World Soccer: "...FIFA's new "transfer matching system", which aims to introduce transparency to traditionally secretive deals between clubs, will not solve the problem. In the meantime, FIFA's existing agent-licensing system is being wound down - and criminal gangs are taking advantage..."

Still...
It was just like going to the theatre, with all the major actors playing a part - Di Maria limps off injured, Nani gets sent off, Mourinho makes an inspired substitution, Ronaldo scores the winner but doesn't celebrate and gets applauded by the audience, Mourinho commiserates with Ferguson and claims the better team lost.

Value fucking added!!!

The Theatre of Dreams, apparently.



    PC Howard Webb Trying Out Cross-Dressing Prior To A Man Utd Match


Yet Sir Ferguson bleats only about corruptions against his interests.
Ten Premier League referees have statistically "biased" data favouring Manchester United.
This season, Man Utd have not had ONE SINGLE penalty or sending off given against them in the EPL - the first time in history where a title will be won with such an "advantage".
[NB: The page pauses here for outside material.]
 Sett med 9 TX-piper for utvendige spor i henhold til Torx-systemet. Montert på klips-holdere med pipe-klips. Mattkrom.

Meanwhile, in the key away matches at Chelsea and Liverpool, United were provided with three sendings off, a penalty and an offside winning goal to help them on their way - in just two games!?
And, on Monday next, when the title will be all but secured at Old Trafford against the Noisy Neighbours, we have Mike Dean refereeing (Dean regarded Ferguson's abuse of an assistant referee during the Newcastle match in December as "reasonable and rational", and sent off Wilshire when United defeated Arsenal) and Howard Webb will stand next to Ferguson on the touchline helping events on their way as 4th Official.
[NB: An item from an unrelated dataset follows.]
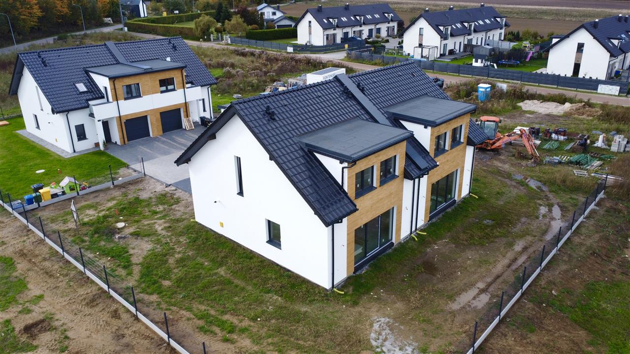 Okna trzy szyby grafitowe montowane w systemie ciepły montaż, dodatkowo zostaną zamontowane termoparapety, drzwi wejściowe Gerda antywłamaniowe grafitowe, brama garażowa z napędem grafitowa, elewacja 15 cm styropianu, dachówka ceramiczna, wewnątrz tynki gipsowe, posadzka na gruncie betonowa w tym styropian 15 cm, piec gazowy jednofunkcyjny z zasobnikiem, wykonanie instalacji elektrycznej wewnątrz budynku oraz instalacji alarmowej i pod monitoring, na posesji kostka polbrukowa w kolorze grafitowym.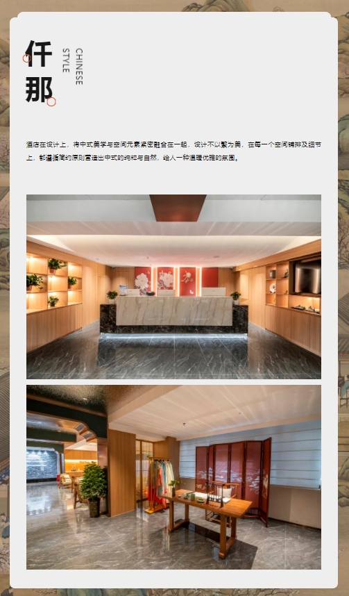酒店拥有多种房型,包括仕居房型、竹溪房型、隐士房型、家庭亲子房等。舒适大床、液晶电视、分体空调、免费无线网络设备,部分房间语音智能,酒店内设健身房、洗衣房、茶室、汉服体验区等,让宾客在这里能够享受到舒适、便捷、新奇的住宿体验。酒店提供多种增值服务,24小时前台、免费茶水零食、旅游咨询、行李寄存、欢迎果盘、伴手礼等,给顾客带来宾至如归的入住体验。

   Ferguson Walks Away After Shaking Rafa's Hand And Offering Advice


Then there are the betting patterns on Monday's FA Cup replay between Chelsea and Man Utd.

One of the most major sustained gambles that we have ever witnessed existed on this match with almost all major bookmakers being aware of the one-track market by kick off.
Despite the teams being each-of-two in the market at the start of April Fool's Day, much more money and virtually all of the voluminous underground trades (literally) were on Chelsea to win.
This is absolutely not a normal betting pattern on a competitive FA Cup Quarter Final between two managers who hate one another!

Now where did this market knowledge emanate from?
Shouldn't someone be blowing the whistle?

Or is it prefered that we should all get worked up about a dodgy American billionaire sacking a multi-millionaire and replacing him with a dodgy Italian fascist multi-millionaire, while "our own" multi-millionaires stash their money offshore or, in the case of Sir Ferguson, at Goldman Sachs, and the new Man Utd CEO is a multi-millionaire former investment banker from JP Morgan?